JOHN HURT (1940-2017) IN MEMORIAM: EL ADIÓS A UN MAESTRO DE LA INTERPRETACIÓN

«Por unos instantes, Ephraim se mesó su larga cabellera desde la frente hasta la parte superior sin dejar de perder la forma unas ondulaciones que le daban un aire juvenil a una cara afilada surcada por unas marcadas arrugas en su frente. Se observaba una extraña simetría añadida en su rostro fruto de una edad que le situaba próximo a la setentena: sus cejas poco pobladas y enarcadas parecían proyectar un reflejo, una sombra en las bolsas de unos ojos diminutos punteados por una mancha de color azul marino.
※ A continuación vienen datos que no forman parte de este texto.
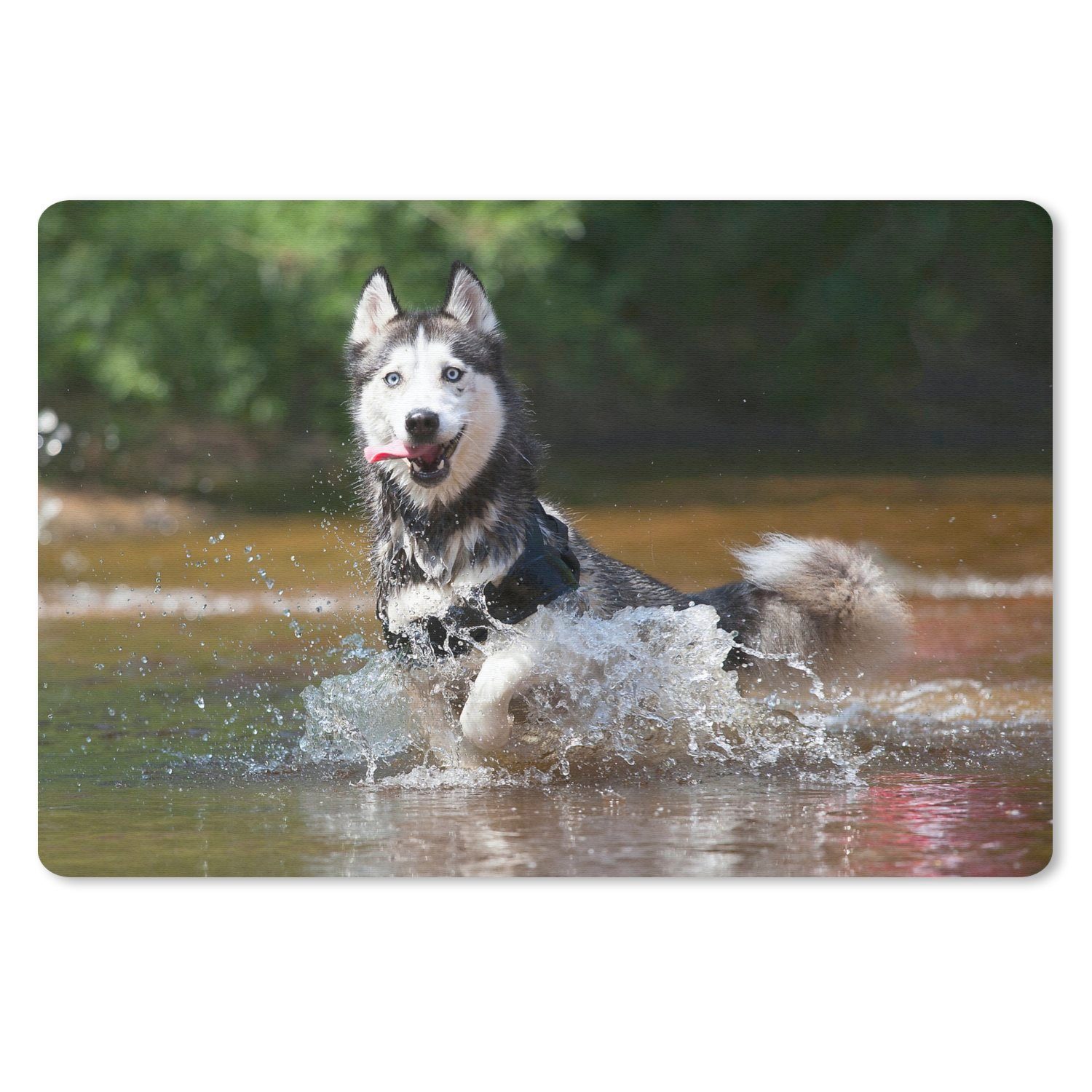 Dieser Husky rennt mit der Zunge aus dem Maul durch das dunkel aussehende Wasser.
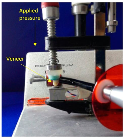After cleaning and etching of all the prepared teeth, Single Bond Universal Adhesive (3M ESPE, Seefeld, USA) was applied to the prepared teeth and to the silanized surface of the veneers. The cementation was made with 3M RelyX veneer resin cement (3M ESPE, Seefeld, Germany). After the application of the resin cement on the internal surface of the veneers, these veneers were seated in occluso-cervical direction on the prepared teeth with the help of Optrastick (Ivoclar Vivadent/clinical, Germany) under light pressure. The positioning pressure was controlled by a custom-made cementation device at 1 kg [,] (Figure 3).
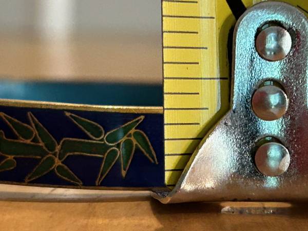 Cloisonné is an ancient decorative art technique that involves soldering or affixing thin metal wires onto a metal base to create cells or "cloisons," which are then filled with colored enamel and fired. The resulting effect is a vibrant, intricate design with raised metal outlines separating the colors.
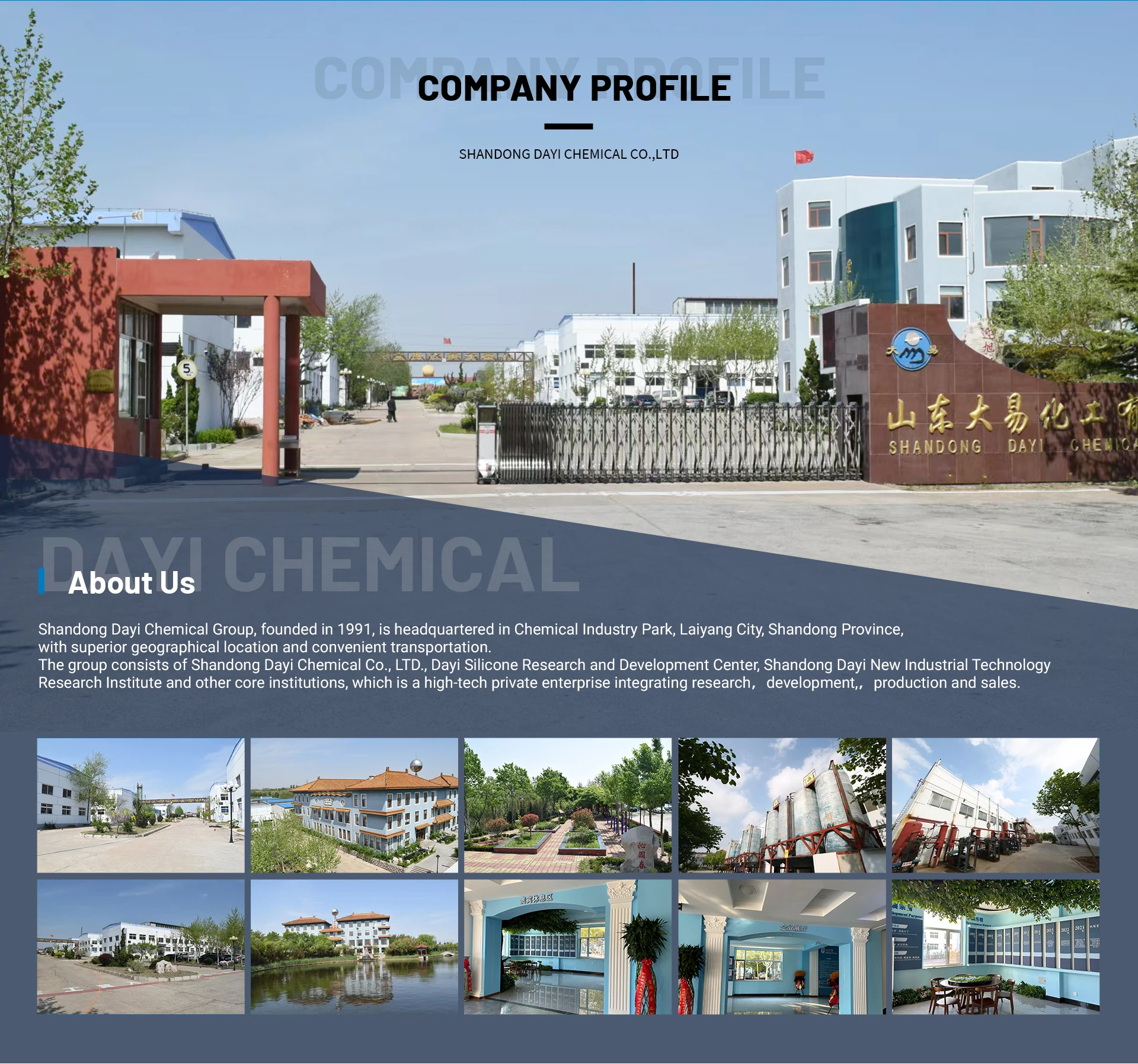 Shandong Dayi Chemical Co., Ltd. Main categories: Silicone Oil/MQ Silicone Resin/Polyethermodified Silicone Oil/Vinyl Silicone Oil/Silicone Grease/Silicone Rubber,MQ silicone resin,vinyl silicone oil,hydrogen silicone oil,polyether modified silicone oil

La línea de su lacio cabello simulaba otro efecto simétrico en relación a un bigote poblado con caída a ambos lados de una boca que conservaba la integridad de sus piezas dentales». Esta descripción física sobre Ephraim Samsteen el científico que lidera una secta dedicada a la clonación humana en mi novela El enigma Haldane (2011) se inspiró en John Hurt. Se trata del único personaje de esta ficción literaria que toma el molde de un personaje real, el propio de uno de los actores que desde mi primer encuentro en la gran pantalla con El hombre elefante (1980) más me han fascinado y que desde entonces he situado en un imaginario pedestal. No cabe duda que mi sueño hubiera sido que Hurt fuera el Ephraim Samsteen en una hipotética adaptación al cine de El enigma Haldane. Así lo consideré una vez completada la novela, elaborando un guión cinematográfico a renglón seguido que espero algún día tenga traducción en imágenes. En cualquier caso, este proyecto no contaría con la participación de Hurt, fallecido el pasado 25 de enero, víctima de un cáncer. Hurt llegó a cumplir setenta y siete años, la mayor parte de los cuales dedicados a su gran pasión: la interpretación.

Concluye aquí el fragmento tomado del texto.